═════ Data for this task ═════

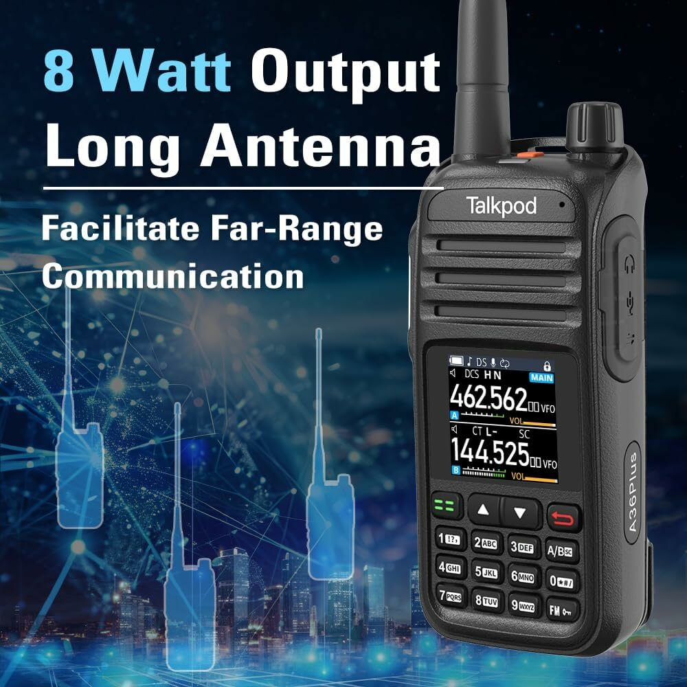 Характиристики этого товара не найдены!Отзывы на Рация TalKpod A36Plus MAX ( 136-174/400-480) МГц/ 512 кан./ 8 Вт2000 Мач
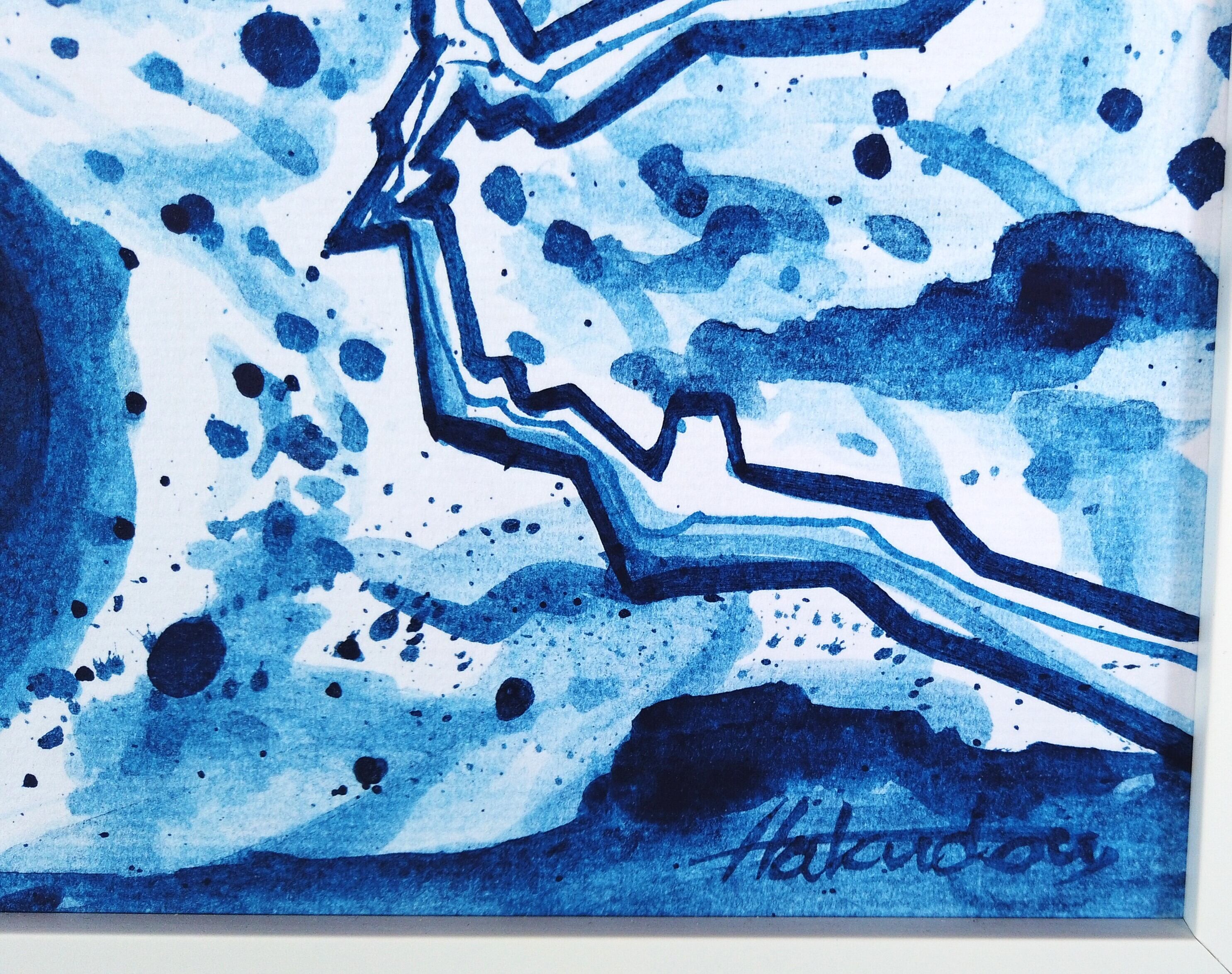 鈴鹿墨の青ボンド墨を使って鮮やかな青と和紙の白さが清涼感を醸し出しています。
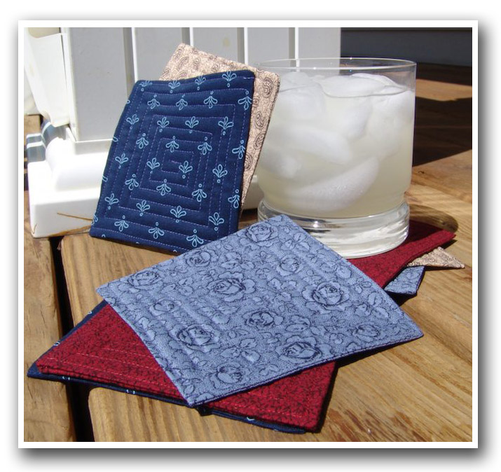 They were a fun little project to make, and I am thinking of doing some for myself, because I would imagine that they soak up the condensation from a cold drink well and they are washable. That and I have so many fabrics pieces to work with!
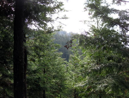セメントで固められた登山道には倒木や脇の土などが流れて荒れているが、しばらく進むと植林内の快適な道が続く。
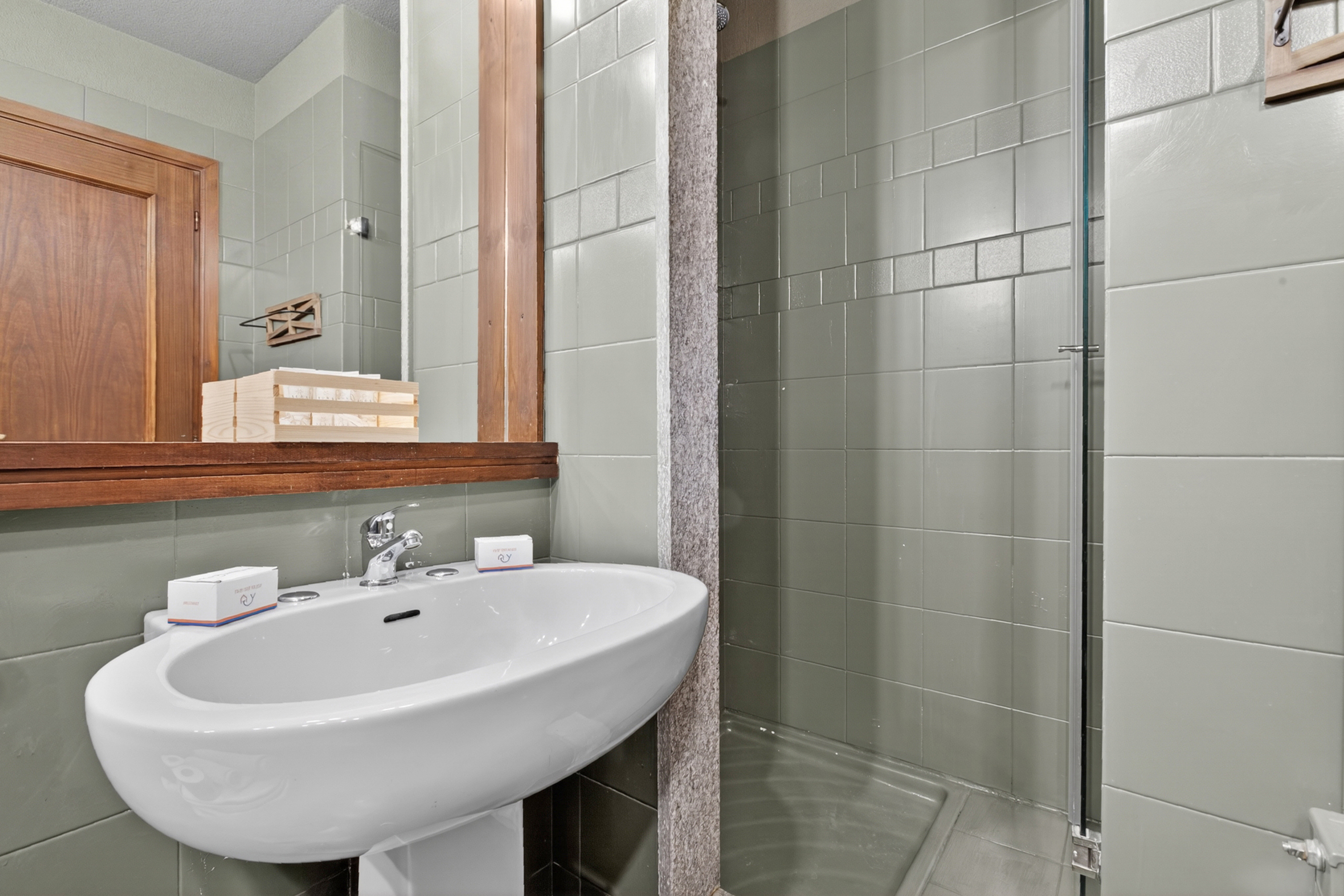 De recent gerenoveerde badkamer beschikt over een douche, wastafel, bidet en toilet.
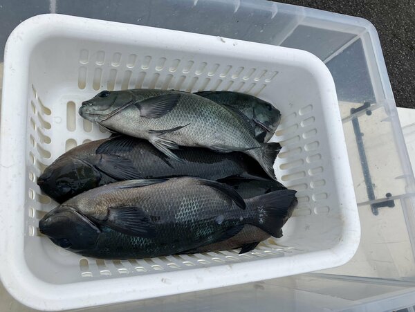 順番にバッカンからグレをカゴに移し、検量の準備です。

═════
═════ Data for this task ═════

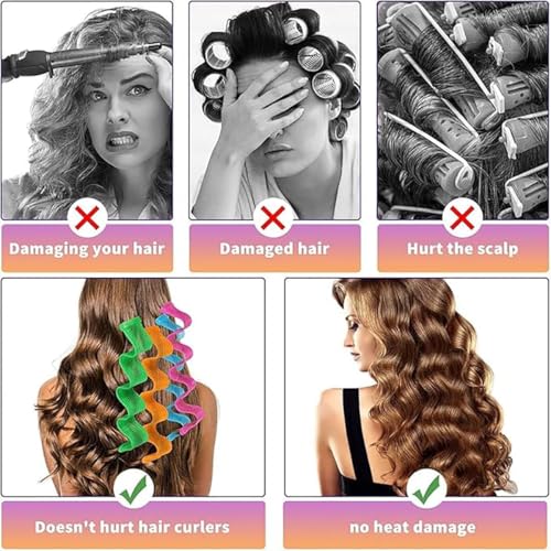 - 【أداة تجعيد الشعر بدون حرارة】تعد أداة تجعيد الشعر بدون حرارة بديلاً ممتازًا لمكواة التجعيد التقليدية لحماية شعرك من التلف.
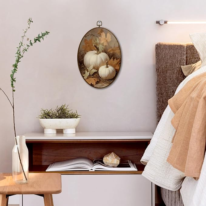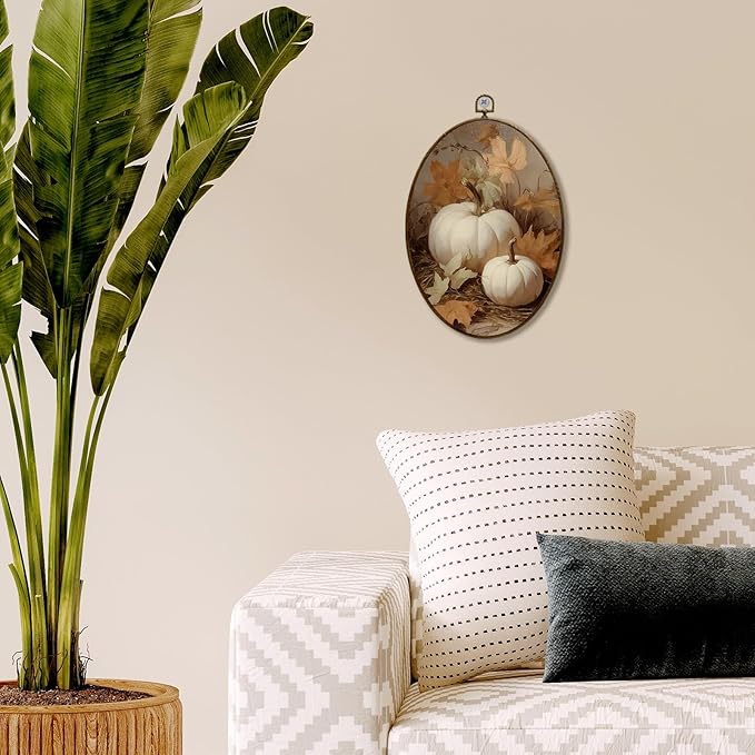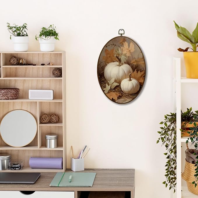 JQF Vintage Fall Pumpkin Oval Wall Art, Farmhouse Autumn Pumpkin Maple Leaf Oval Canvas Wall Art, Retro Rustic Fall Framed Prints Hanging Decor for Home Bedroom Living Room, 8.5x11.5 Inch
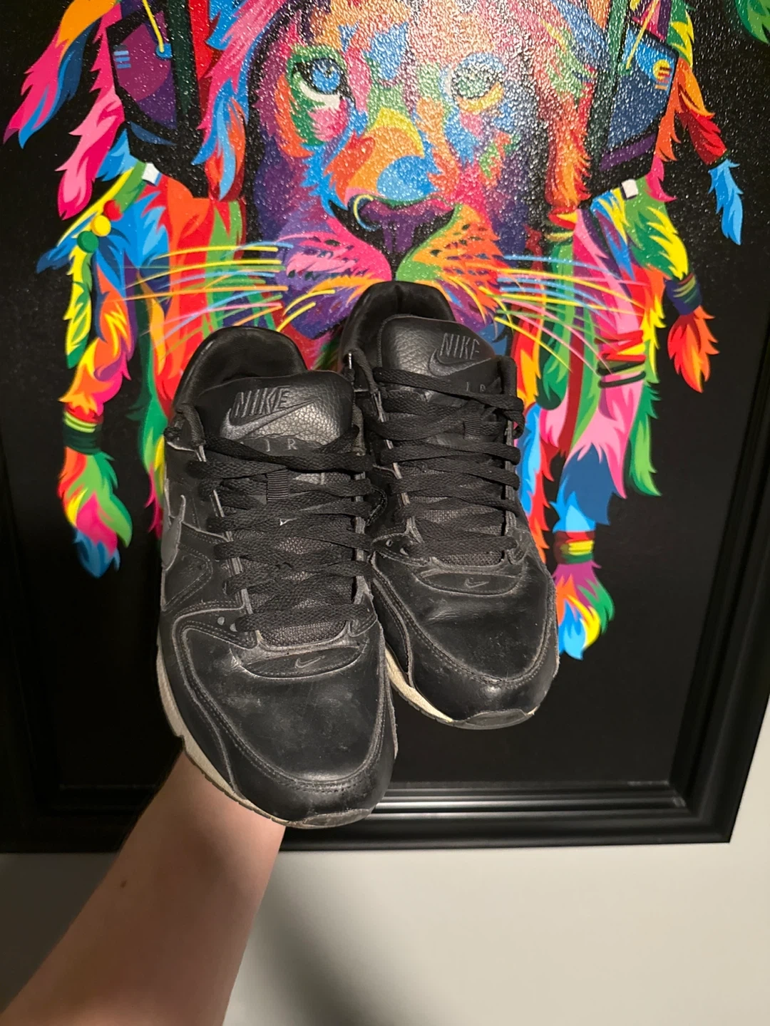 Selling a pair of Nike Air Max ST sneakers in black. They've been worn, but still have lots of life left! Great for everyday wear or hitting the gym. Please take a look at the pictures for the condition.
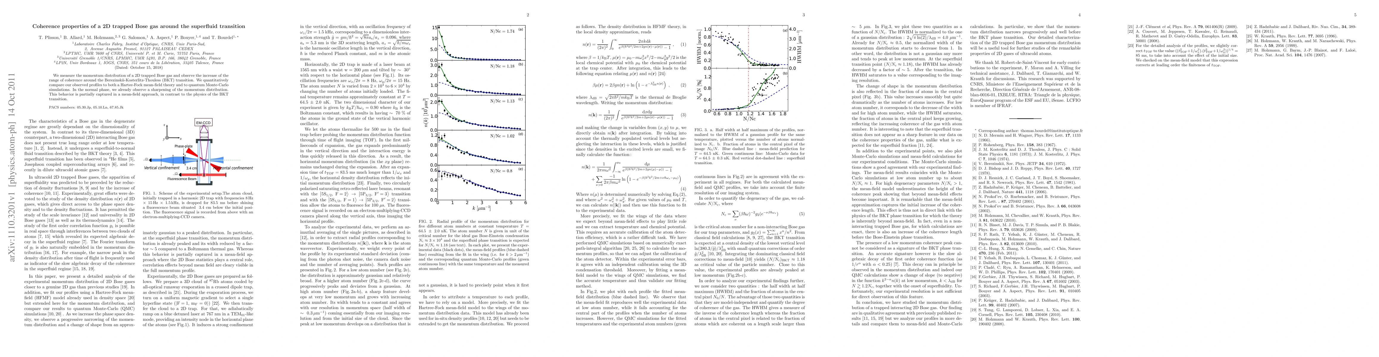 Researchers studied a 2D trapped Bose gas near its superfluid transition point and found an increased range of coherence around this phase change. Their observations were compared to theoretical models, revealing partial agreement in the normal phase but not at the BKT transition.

═════

Task instructions:
Using the data above, print only the lines starting at the one with "鈴鹿墨の青ボンド墨を使って鮮やかな青と和紙の白さが清涼感を醸し出しています。" and ending at the one with "セメントで固められた登山道に", exactly as they stand, minus the pictures.

Solution to the exercise:
 鈴鹿墨の青ボンド墨を使って鮮やかな青と和紙の白さが清涼感を醸し出しています。
 They were a fun little project to make, and I am thinking of doing some for myself, because I would imagine that they soak up the condensation from a cold drink well and they are washable. That and I have so many fabrics pieces to work with!
セメントで固められた登山道には倒木や脇の土などが流れて荒れているが、しばらく進むと植林内の快適な道が続く。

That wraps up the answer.